• [What you will do] Would you repeat word for word the lines of the listing that follows, from the one with "On Tuesday, Koch" up to and including the one with "وهذا الحديث خرجه", and leave out the images?

• [Information given]
************

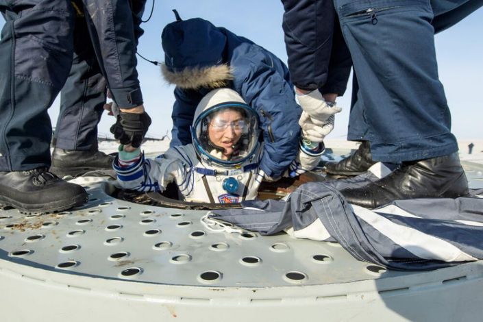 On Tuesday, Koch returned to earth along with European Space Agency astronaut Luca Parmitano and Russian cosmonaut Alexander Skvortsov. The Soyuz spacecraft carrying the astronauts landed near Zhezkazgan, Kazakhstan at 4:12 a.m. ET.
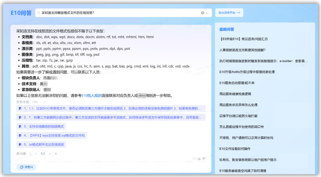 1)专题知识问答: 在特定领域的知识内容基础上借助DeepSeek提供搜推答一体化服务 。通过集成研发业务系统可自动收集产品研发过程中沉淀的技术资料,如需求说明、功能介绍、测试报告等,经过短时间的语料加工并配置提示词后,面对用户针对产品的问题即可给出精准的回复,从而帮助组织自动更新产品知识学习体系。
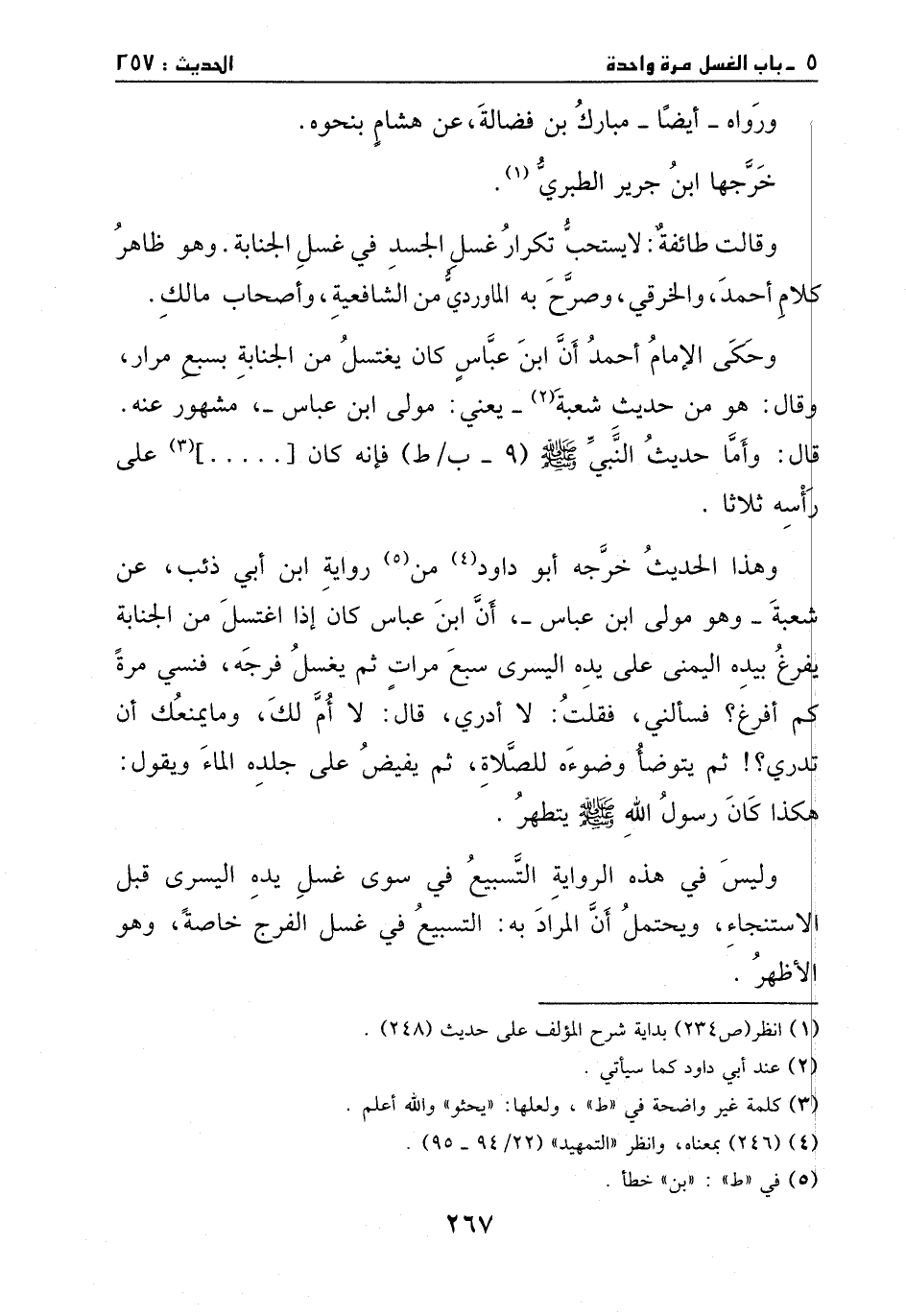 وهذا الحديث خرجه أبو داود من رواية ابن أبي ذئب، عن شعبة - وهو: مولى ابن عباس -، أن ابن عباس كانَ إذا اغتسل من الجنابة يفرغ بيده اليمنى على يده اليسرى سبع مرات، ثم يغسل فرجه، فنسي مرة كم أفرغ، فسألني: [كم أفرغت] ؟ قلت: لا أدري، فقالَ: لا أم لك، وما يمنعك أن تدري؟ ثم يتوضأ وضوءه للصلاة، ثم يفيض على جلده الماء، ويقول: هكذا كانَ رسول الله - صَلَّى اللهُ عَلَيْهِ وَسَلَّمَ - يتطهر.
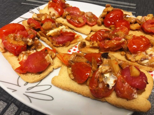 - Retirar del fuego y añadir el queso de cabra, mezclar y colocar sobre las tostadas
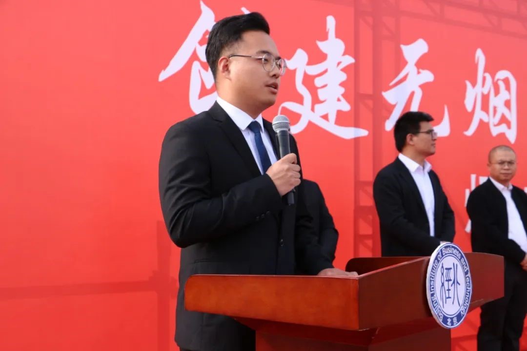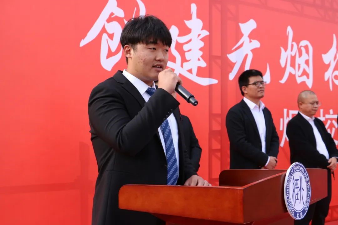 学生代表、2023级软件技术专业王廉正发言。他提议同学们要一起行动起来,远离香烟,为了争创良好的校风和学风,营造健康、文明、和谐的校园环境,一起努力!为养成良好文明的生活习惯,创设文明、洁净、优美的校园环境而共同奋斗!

************

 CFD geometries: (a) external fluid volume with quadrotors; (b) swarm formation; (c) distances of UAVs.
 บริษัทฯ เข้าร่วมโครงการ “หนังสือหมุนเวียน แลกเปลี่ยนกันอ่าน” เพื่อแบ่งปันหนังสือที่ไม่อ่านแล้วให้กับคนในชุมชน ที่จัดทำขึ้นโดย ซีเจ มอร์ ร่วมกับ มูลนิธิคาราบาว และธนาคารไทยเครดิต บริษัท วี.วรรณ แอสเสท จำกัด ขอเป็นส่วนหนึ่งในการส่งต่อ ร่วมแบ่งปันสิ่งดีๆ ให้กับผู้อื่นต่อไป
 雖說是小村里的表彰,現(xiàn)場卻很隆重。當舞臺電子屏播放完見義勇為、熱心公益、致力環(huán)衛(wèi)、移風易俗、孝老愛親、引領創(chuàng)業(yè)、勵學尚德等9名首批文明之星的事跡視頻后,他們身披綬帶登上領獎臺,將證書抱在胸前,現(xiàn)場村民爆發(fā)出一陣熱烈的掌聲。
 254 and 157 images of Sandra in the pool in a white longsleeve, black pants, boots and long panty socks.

************

• [Output below]
 On Tuesday, Koch returned to earth along with European Space Agency astronaut Luca Parmitano and Russian cosmonaut Alexander Skvortsov. The Soyuz spacecraft carrying the astronauts landed near Zhezkazgan, Kazakhstan at 4:12 a.m. ET.
 1)专题知识问答: 在特定领域的知识内容基础上借助DeepSeek提供搜推答一体化服务 。通过集成研发业务系统可自动收集产品研发过程中沉淀的技术资料,如需求说明、功能介绍、测试报告等,经过短时间的语料加工并配置提示词后,面对用户针对产品的问题即可给出精准的回复,从而帮助组织自动更新产品知识学习体系。
 وهذا الحديث خرجه أبو داود من رواية ابن أبي ذئب، عن شعبة - وهو: مولى ابن عباس -، أن ابن عباس كانَ إذا اغتسل من الجنابة يفرغ بيده اليمنى على يده اليسرى سبع مرات، ثم يغسل فرجه، فنسي مرة كم أفرغ، فسألني: [كم أفرغت] ؟ قلت: لا أدري، فقالَ: لا أم لك، وما يمنعك أن تدري؟ ثم يتوضأ وضوءه للصلاة، ثم يفيض على جلده الماء، ويقول: هكذا كانَ رسول الله - صَلَّى اللهُ عَلَيْهِ وَسَلَّمَ - يتطهر.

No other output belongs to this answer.